Direct democracy is possible for the smallest societies, but in our modern world – and at larger scales – representative democracies are generally more widely practiced.
Democracy as a core value is clearly and directly tied to the companion belief in equality. And democracy works best when accompanied by beliefs in the value of education, critical thinking, the rule of law, science and a systemic approach to solving society's problems.
Less obviously, perhaps, democracy is strongly tied to the core principle of imperfection; this is why Winston Churchill once wryly observed:
Democracy is the worst form of government, except for all those others that have been tried.
The imperfections of democracy are often painfully obvious. You wouldn't want all the passengers on an aircraft to decide on the plane's design through a democratic process – why leave it up to all of society's passengers to collectively second-guess decisions about how to best run our large and complex modern governments? And if you were interested in quick and decisive decision-making, you wouldn't want to turn such decisions over to large bodies of elected legislators.
But confessions of inevitable imperfection are even more deeply woven into the value of democracy, because such ideals depend entirely on a shared sense of humility: an acknowledgment that none of us has perfect knowledge, or perfect decision-making capabilities. What's more, the principle of imperfection forces us to accept, however reluctantly, that the idea of a perfect government is a chimera whose apparent charms are to be avoided at all costs, because such fantasies are always promoted by charlatans who would like to convince us to permanently turn over all of our decision-making powers to certain individuals, or to a preferred political party, or to an anointed social class.
This is why all modern democracies depend on a balance of power between different branches of government, and different levels of government, and different political parties: because all of human history has taught us that when too much power is concentrated in too few hands, terrible things eventually happen.
And so our democracies continue to bumble along, steering various erratic courses between problematic extremes, first lurching to the left and then back to the right, often making mistakes, and yet – unlike all other forms of government that have been tried – generally managing to avoid running entirely into the ditch.
It should be noted, though, that a belief in the value of democracy is not necessarily accompanied by a similar valuation for all dimensions of diversity.
As the most obvious example, any democracy is dependent upon a common language that can be spoken and read by all of its citizens – how else can they hope to be informed, and to engage in civil discourse, and to be cognizant of applicable laws and regulations?
But going further, it may be hard for a democracy to accommodate other dimensions of diversity.

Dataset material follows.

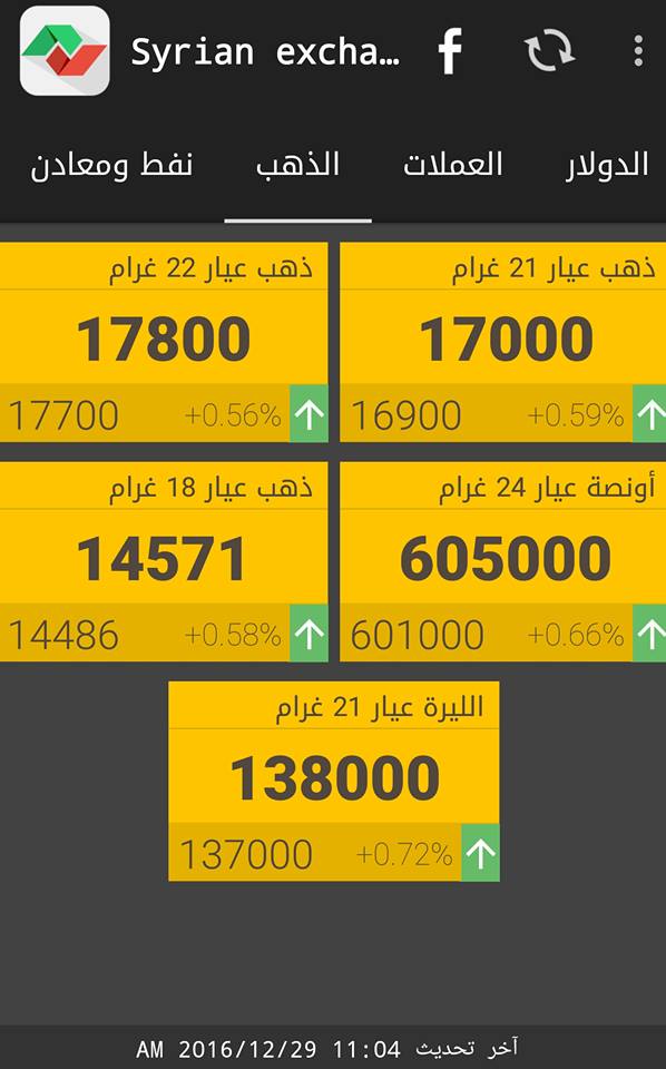 وبقي غرام الـ 21 بـ 16900 ليرة شراء، 17000 ليرة مبيع.

For example, American political scientist Danielle Allen, as quoted by Steven Levitsky and Daniel Ziblatt in their 2018 book, How Democracies Die, makes the following observation.

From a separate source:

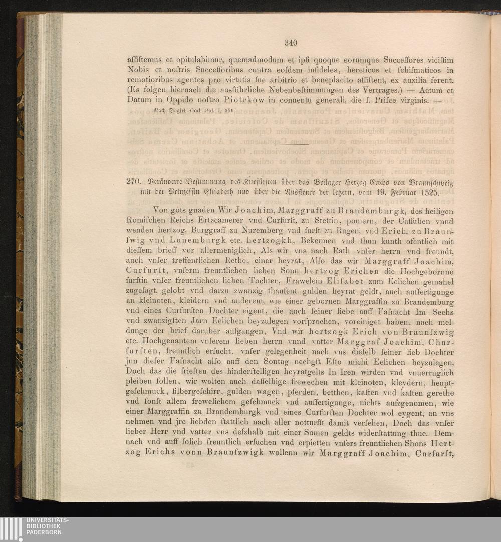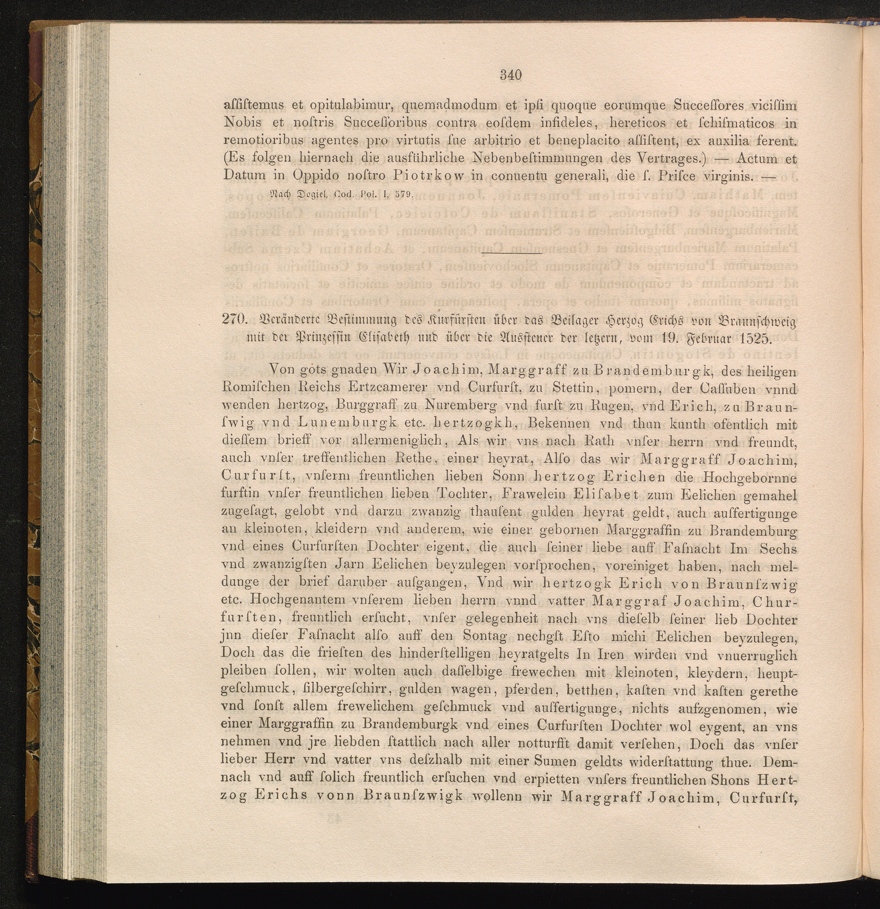270. Veränderte Bestimmung des Kurfürsten über Beilager Herzog Erichs von Braunschweig[...]

The simple fact of the matter is that the world has never built a multiethnic democracy in which no particular ethnic group is in the majority and where political equality, social equality and economies that empower all have been achieved.
A tolerance for, and appreciation of, ethnic, religious and other dimensions of diversity are admirable goals, but as we stretch our democracies to accommodate these, we must also strive to find other unifying factors that will help to promote enough social cohesion to make most citizens feel a sense of shared values and a shared destiny.